🤖 AI Summary
This work addresses the challenges of handling deformable garments and identifying cluttered foreign objects in sustainable textile recycling by proposing a digital twin–driven dual-arm robotic sorting system. The system integrates RGB-D vision, capacitive tactile feedback, collision-aware motion planning, and multimodal semantic reasoning, and represents the first application of vision-language models (VLMs) to industrial-scale textile sorting. Experimental evaluation of nine VLMs demonstrates that the Qwen series achieves the highest accuracy of 87.9%, while Gemma3 offers an excellent trade-off between speed and accuracy on edge devices. These results validate the feasibility and scalability of the proposed system in real-world recycling scenarios.
📝 Abstract
The increasing demand for sustainable textile recycling requires robust automation solutions capable of handling deformable garments and detecting foreign objects in cluttered environments. This work presents a digital twin driven robotic sorting system that integrates grasp prediction, multi modal perception, and semantic reasoning for real world textile classification.

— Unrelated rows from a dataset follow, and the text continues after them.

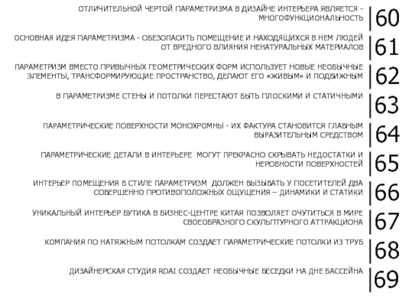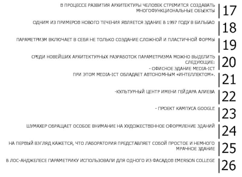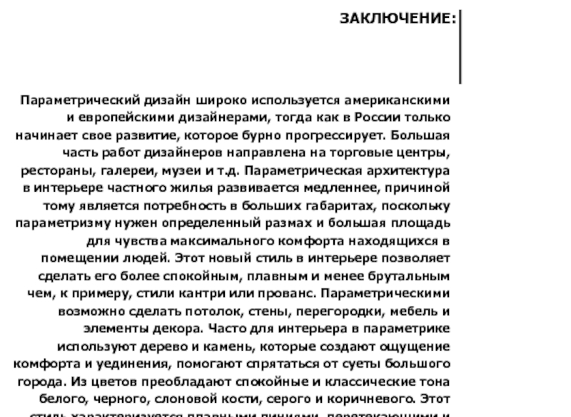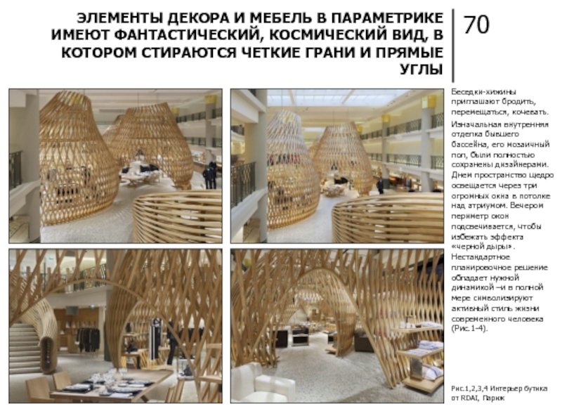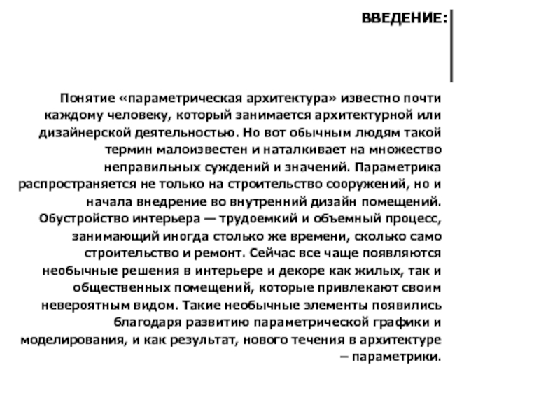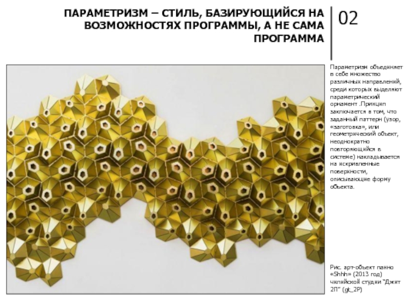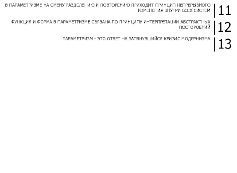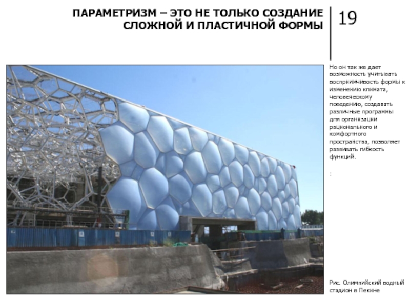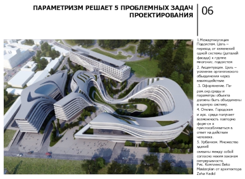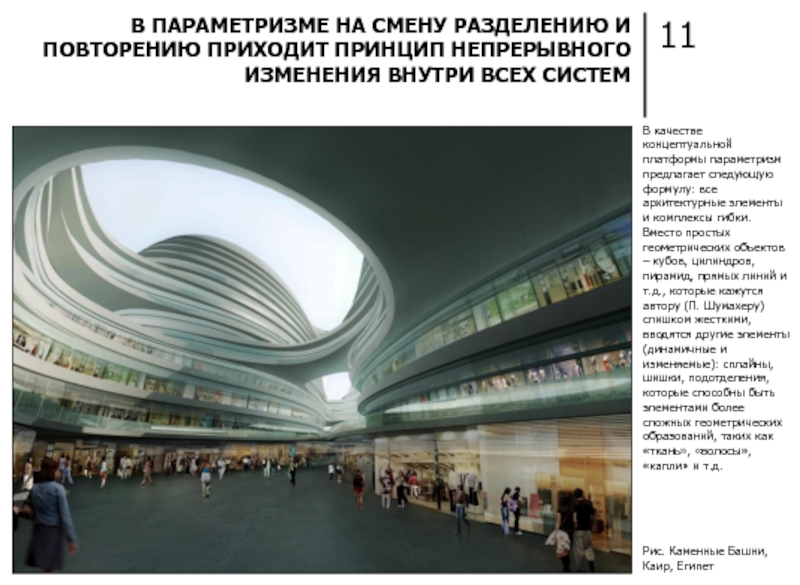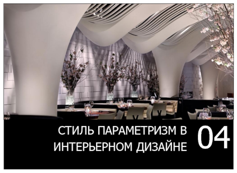 ПАРАМЕТРИЗМ ВМЕСТО ПРИВЫЧНЫХ ГЕОМЕТРИЧЕСКИХ ФОРМ ИСПОЛЬЗУЕТ НОВЫЕ НЕОБЫЧНЫЕ ЭЛЕМЕНТЫ, ТРАНСФОРМИРУЮЩИЕ ПРОСТРАНСТВО, ДЕЛАЮТ ЕГО «ЖИВЫМ» И ПОДВИЖНЫМ
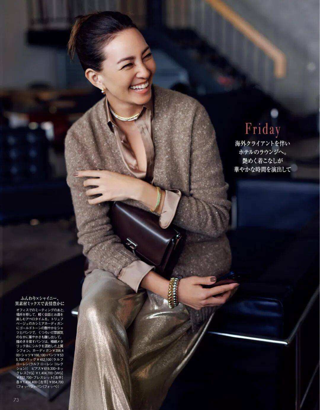 V形开口自然地露出内搭的一角——衬衫的领尖、袖口的折边,讲究的项链,这些细节让整体更生动。
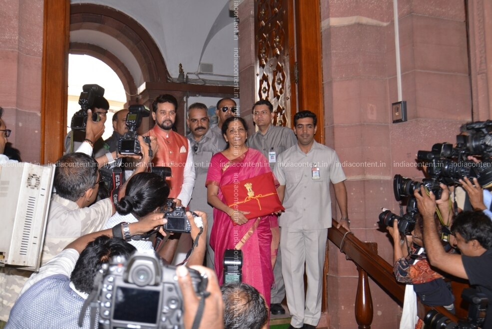 Buy New Delhi Union Finance Minister Nirmala Sitharaman along with Union Minister of State for Finance Anurag Thakur arrives at Parliament to present the Union Budget 2019 in New Delhi on July 5 2019 Setting a new precedent Union Finance Minister Ni Pictures, Images, Photos By IANS - Others pictures
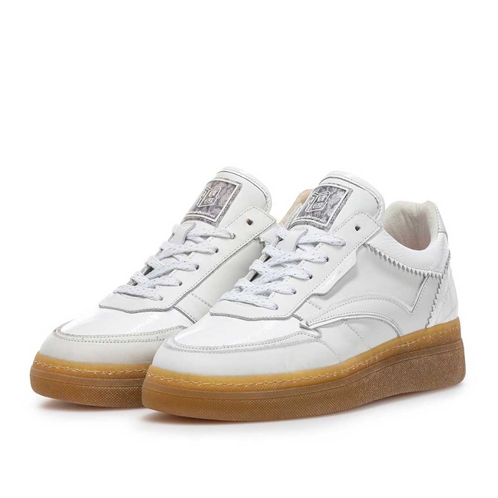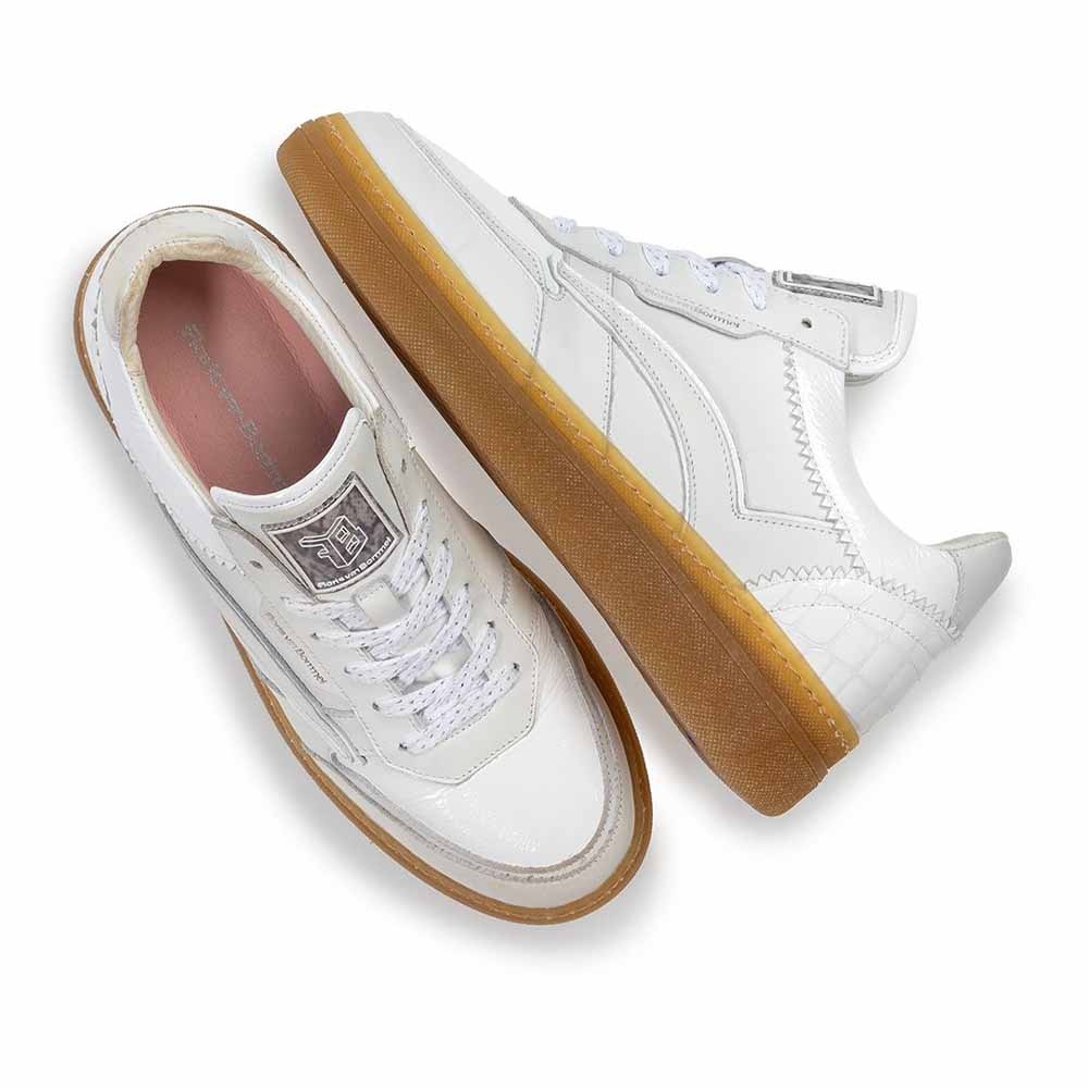 Deze Floris van Bommel sneaker is vervaardigd van hoogwaardig leer en verfijnd met lakleren details voor een luxe uitstraling. De witte veters zorgen voor een clean geheel, terwijl de iets dikkere bruine zool een trendy contrast geeft. Dankzij de zorgvuldige afwerking en het tijdloze ontwerp is dit een sneaker waar je jarenlang plezier van hebt.

A dual arm robotic cell equipped with RGBD sensing, capacitive tactile feedback, and collision-aware motion planning autonomously separates garments from an unsorted basket, transfers them to an inspection zone, and classifies them using state of the art Visual Language Models (VLMs). We benchmark nine VLM s from five model families on a dataset of 223 inspection scenarios comprising shirts, socks, trousers, underwear, foreign objects (including garments outside of the aforementioned classes), and empty scenes. The evaluation assesses per class accuracy, hallucination behavior, and computational performance under practical hardware constraints. Results show that the Qwen model family achieves the highest overall accuracy (up to 87.9 %), with strong foreign object detection performance, while lighter models such as Gemma3 offer competitive speed accuracy trade offs for edge deployment. A digital twin combined with MoveIt enables collision aware path planning and integrates segmented 3D point clouds of inspected garments into the virtual environment for improved manipulation reliability. The presented system demonstrates the feasibility of combining semantic VLM reasoning with conventional grasp detection and digital twin technology for scalable, autonomous textile sorting in realistic industrial settings.